Обер-лейтенант Винфрид покровительственно кивает и мерным шагом, заложив руки за спину, возвращается к себе. Он сейчас засядет за письмо к матери. Он пишет ей каждые три-четыре дня, заполняя листочки милой болтовней о делах, которых здесь не бывает, и о своем прекрасном настроении, которого тоже почти не бывает; разве иной раз после обеда оно посетит обер-лейтенанта, когда в дополнение к чашке горячего кофе он зальет за галстук рюмочку коньяку.

Лауренц Понт — человек осмотрительный. Он учитывает, что лишь тот, кто знает толк в книгах, может вручить вестовому требуемый том; ведь даже владелец книги, образованный юрист, член военного суда, — и тот напутал. Он вызывает по телефону канцелярию военного суда, а тем временем протягивает унтер-офицеру Шмидту II ведомости. В них выписано жалованье воинским частям, прикрепленным к штабу; выписано до самого Нового года, чтобы хорошо смазанная машина продолжала работать бесперебойно. С другого конца телефонного провода откликается писарь Бертин. Что угодно господину фельдфебелю? Лауренц Понт объясняет, и Бертин изъявляет готовность лично доставить книгу. Он рад пройтись, переговоры ни сегодня, ни завтра не начнутся.

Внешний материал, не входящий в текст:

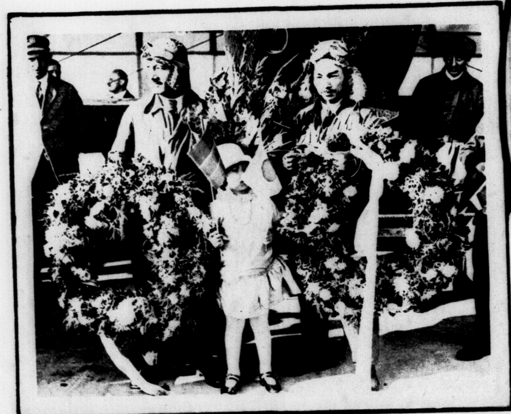
Japanese aviators greeted by little Japanese girls on their arrival in Berlin after their flight from Tokio

По дороге он заглянет в городскую больницу и осведомится о самочувствии молодой крестьянки, которая, как известно, родила и в которой обер-лейтенант Винфрид и сестра Берб принимают участие. Им тогда не придется справляться по телефону. Он явится через полчаса, не позднее.

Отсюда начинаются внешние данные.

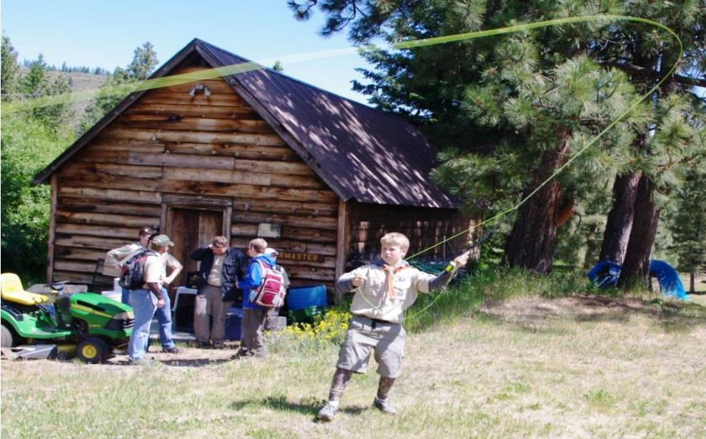
One of the scouts getting into his back cast

Писарь Бертин не любит проходить по коридорам виллы Тамшинского, где из каждой двери может выйти офицер и где надо все время вытягиваться во фронт. Особенно неохотно бывает он на вилле в присутствии его превосходительства. Таким уж мать его родила, как говорят солдаты. По молчаливому уговору он до сих пор никогда не посещал обер-лейтенанта Винфрида, да Винфрид его и не приглашал — приличия ради. Но сегодня, в этот уютный предвечерний час, писарь Бертин отогревается с мороза в комнате адъютанта, у огромной голубой кафельной печи, и курит сигару, часто кладя ее на пепельницу. Он рассказывает о том, что узнал в больнице.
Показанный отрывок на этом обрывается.